Records for this task:
• • • •

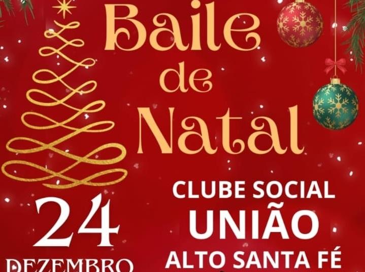 O tradicional Baile de Natal do Clube Social União, de Alto Santa Fé, acontece na próxima semana. Será terça-feira, dia 24 de dezembro, a partir das 23h00.
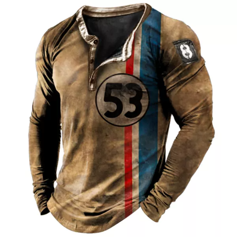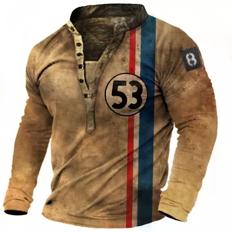 This Men's Vintage Racing Stripes Henley Long Sleeve T-Shirt is perfect for the guy who loves a good throwback. The high collar and half-placket give it a retro feel, while the long sleeves make it ideal for cooler days. The cotton blend material is soft and comfortable, and the print adds a touch of fun.
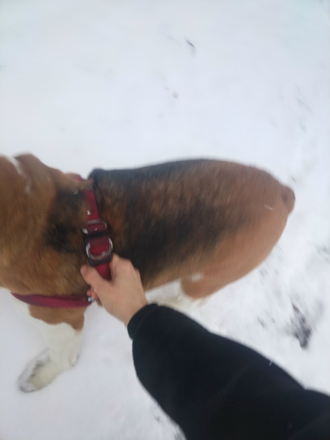 Большие Колпаны. Чей пёс? Пыталась придержать возле Администрации, но вырвался и убежал в сторону заезда, где написано "Гатчинское".
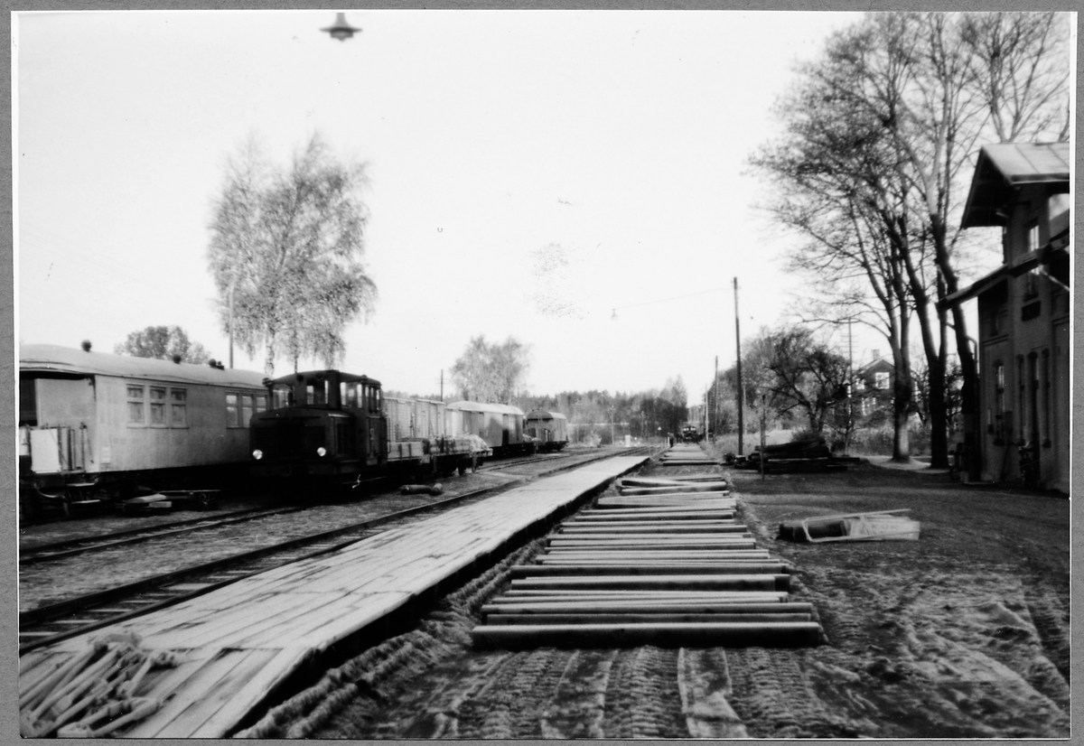Byggnation av normalspåret inne på Jenny station, 1964.
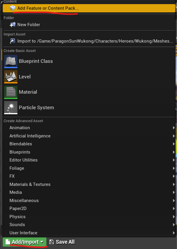 添加了虚幻官方提供的悟空角色
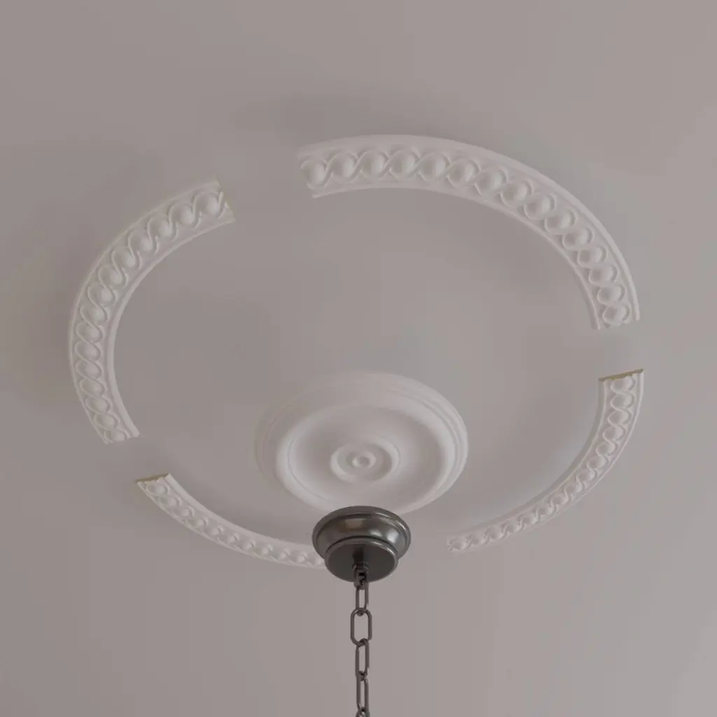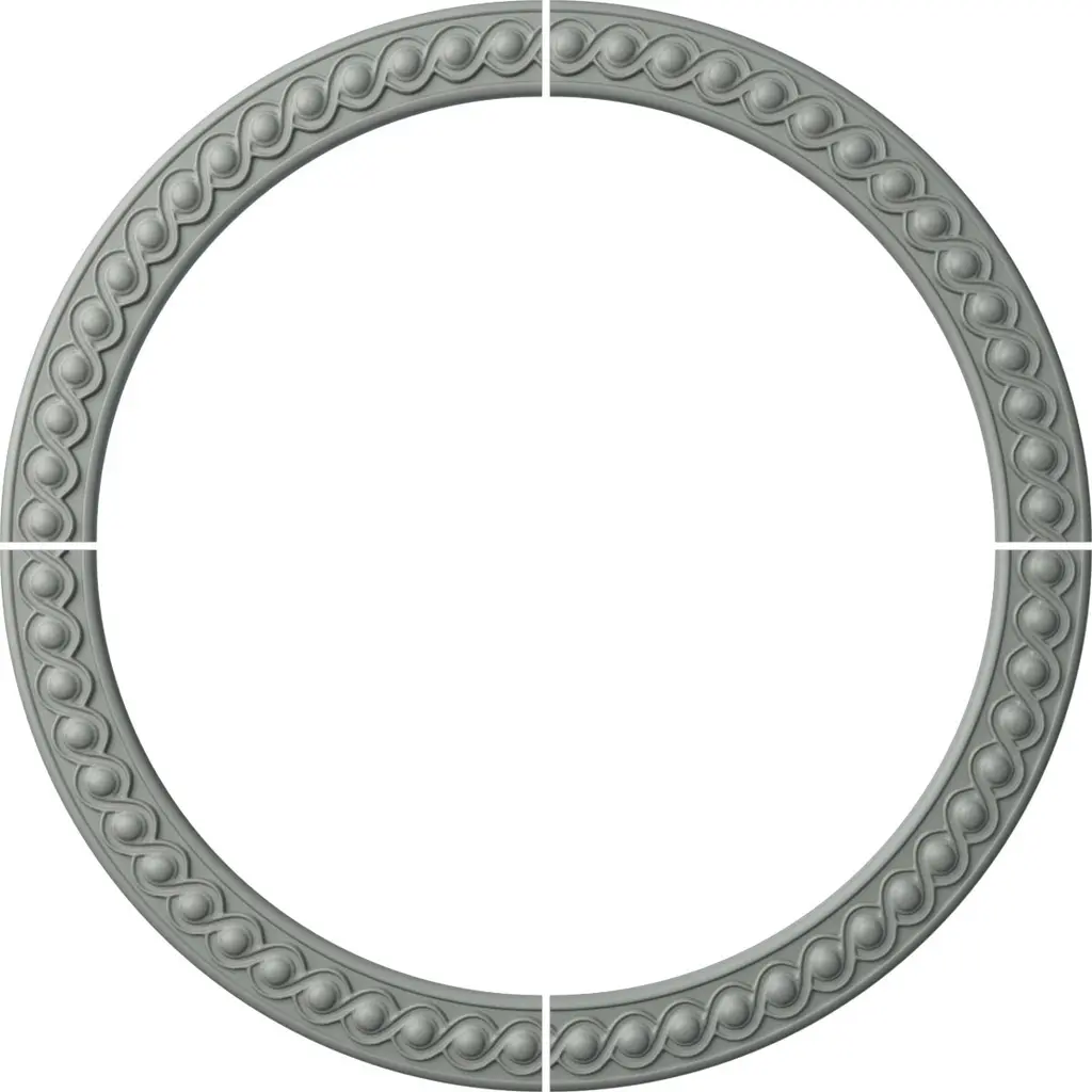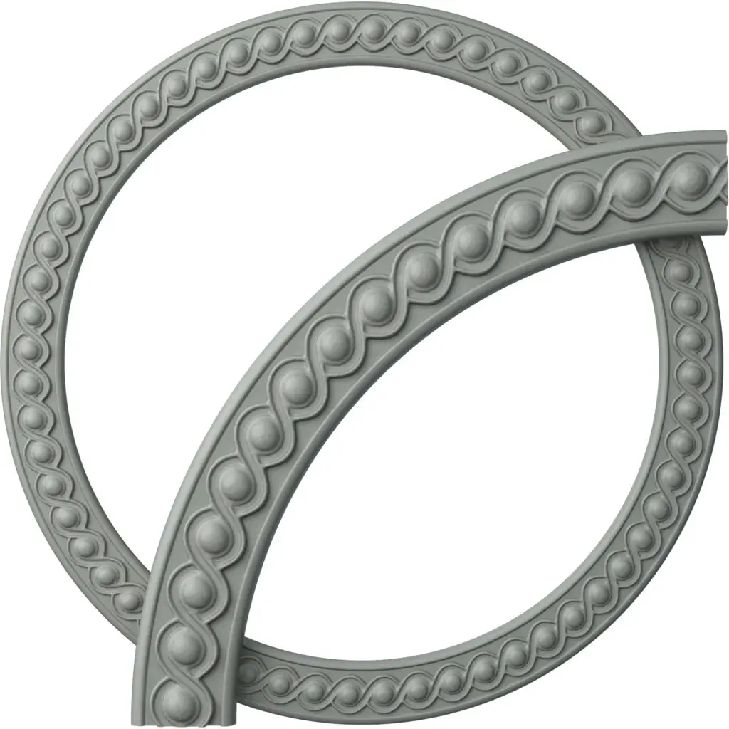 Ceiling rings are often used in conjunction with ceiling medallions in highlighting focal points like chandeliers and ceiling fans. However, ceiling rings can als be used on the wall to accent mirrors, photos and photo frames.•Modeled after original historical patterns and designs•Solid urethane for maximum durability and detail•Lightweight for quick and easy installation•Factory primed and ready for paint or faux finish•Can be cut, drilled, glued, or screwed•Can be used on the interior or exterior•1/4 of complete circle
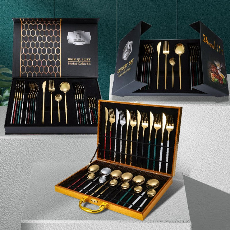 Juego de 24 piezas de cuchara y tenedor de vajilla de acero inoxidable
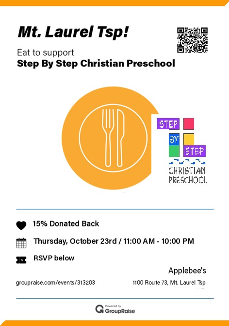 Each month, during the school year, Step by Step Preschool hosts a Dine and Donate Fundraiser at a different restaurant in the area. Here is how it works!
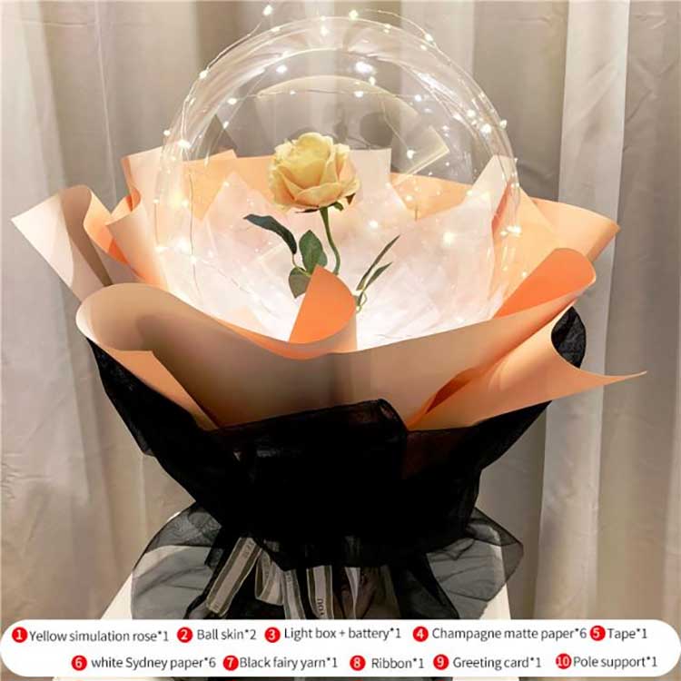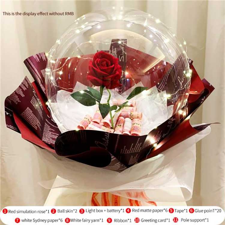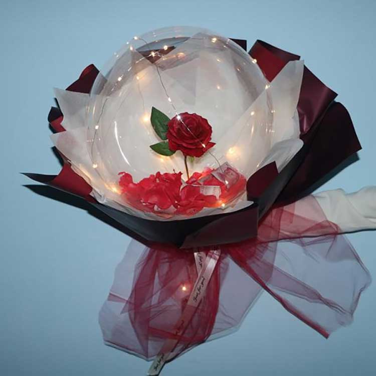 Балонот BOBOе неверојатно атмосферски:Со проѕирни BOBO балони, вградени рози и LED светла, комплетот создава светол и романтичен визуелен ефект. LED светлата исто така обезбедуваат мек сјај, што го прави суштински подарок за Денот на вљубените, годишнините, родендените, дипломирањето и Денот на мајката.
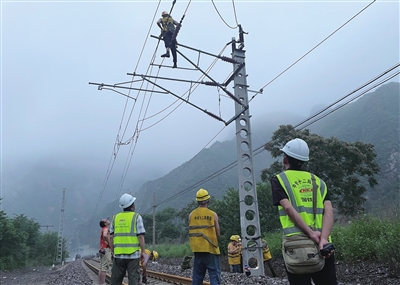 8月3日,中铁十二局集团电气化公司驰援丰沙铁路进行线路检修作业。 通讯员 李洪涛
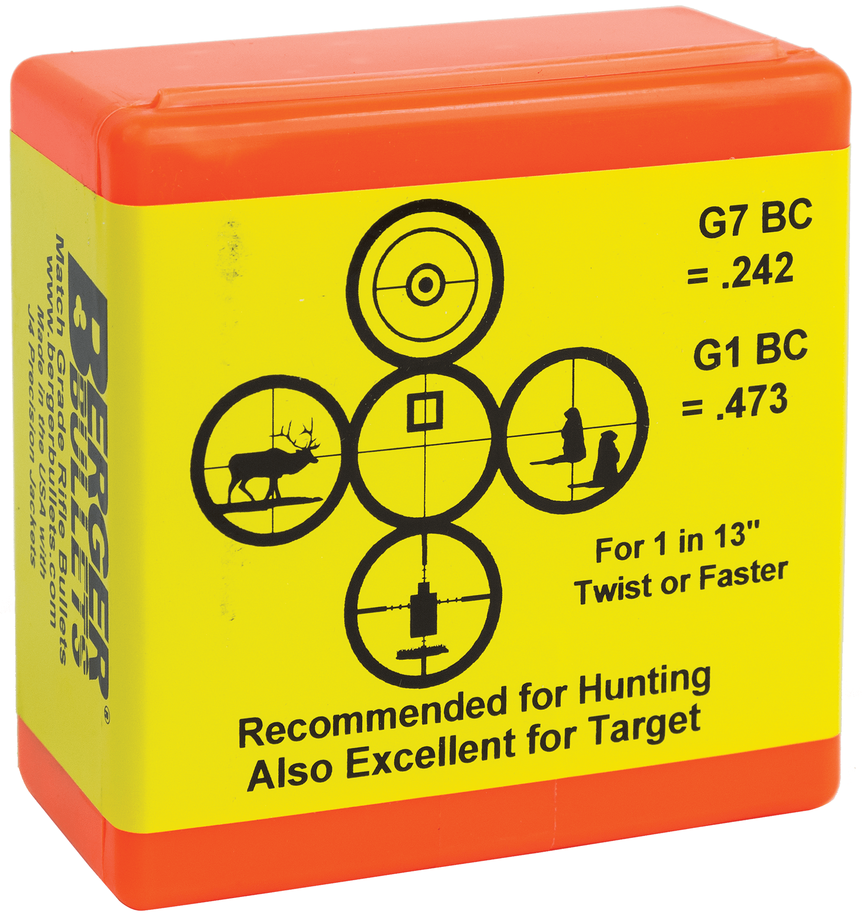 The berger vld hunting bullet is one of the flattest shooting hunting bullets in the industry.Vld hunting bullets are identical in design to vld target bullets except utilize a thinner j4 precision jacket for rapid expansion during game applications.Vld hunting bullets are designed to penetrate 2-3 and then begin to expand and create a massive wound cavity up to 15.The hydrostatic shock causes most animals to drop immediately.Vld hunting bullets incorporate a secant ogive design which allows the bullet to experience less drag as it travels to the target.This reduced drag is why the vld shoots flatter, experiences less wind-drift, and has a higher retained velocity than all others.A favorite load technique for the vlds is touching the rifling for single-shot applications, although some rifles may prefer as much as.150 from the rifling.Berger vld hunting bullets are extremely popular for long range hunting applications.Built with highly consistent j4 precision bullet jackets, most favored by custom bullet makers.

• • • •

Task brief:
Except for the pictures, the whole listing above should be transcribed exactly.

Result:
 O tradicional Baile de Natal do Clube Social União, de Alto Santa Fé, acontece na próxima semana. Será terça-feira, dia 24 de dezembro, a partir das 23h00.
 This Men's Vintage Racing Stripes Henley Long Sleeve T-Shirt is perfect for the guy who loves a good throwback. The high collar and half-placket give it a retro feel, while the long sleeves make it ideal for cooler days. The cotton blend material is soft and comfortable, and the print adds a touch of fun.
 Большие Колпаны. Чей пёс? Пыталась придержать возле Администрации, но вырвался и убежал в сторону заезда, где написано "Гатчинское".
Byggnation av normalspåret inne på Jenny station, 1964.
 添加了虚幻官方提供的悟空角色
 Ceiling rings are often used in conjunction with ceiling medallions in highlighting focal points like chandeliers and ceiling fans. However, ceiling rings can als be used on the wall to accent mirrors, photos and photo frames.•Modeled after original historical patterns and designs•Solid urethane for maximum durability and detail•Lightweight for quick and easy installation•Factory primed and ready for paint or faux finish•Can be cut, drilled, glued, or screwed•Can be used on the interior or exterior•1/4 of complete circle
 Juego de 24 piezas de cuchara y tenedor de vajilla de acero inoxidable
 Each month, during the school year, Step by Step Preschool hosts a Dine and Donate Fundraiser at a different restaurant in the area. Here is how it works!
 Балонот BOBOе неверојатно атмосферски:Со проѕирни BOBO балони, вградени рози и LED светла, комплетот создава светол и романтичен визуелен ефект. LED светлата исто така обезбедуваат мек сјај, што го прави суштински подарок за Денот на вљубените, годишнините, родендените, дипломирањето и Денот на мајката.
 8月3日,中铁十二局集团电气化公司驰援丰沙铁路进行线路检修作业。 通讯员 李洪涛
 The berger vld hunting bullet is one of the flattest shooting hunting bullets in the industry.Vld hunting bullets are identical in design to vld target bullets except utilize a thinner j4 precision jacket for rapid expansion during game applications.Vld hunting bullets are designed to penetrate 2-3 and then begin to expand and create a massive wound cavity up to 15.The hydrostatic shock causes most animals to drop immediately.Vld hunting bullets incorporate a secant ogive design which allows the bullet to experience less drag as it travels to the target.This reduced drag is why the vld shoots flatter, experiences less wind-drift, and has a higher retained velocity than all others.A favorite load technique for the vlds is touching the rifling for single-shot applications, although some rifles may prefer as much as.150 from the rifling.Berger vld hunting bullets are extremely popular for long range hunting applications.Built with highly consistent j4 precision bullet jackets, most favored by custom bullet makers.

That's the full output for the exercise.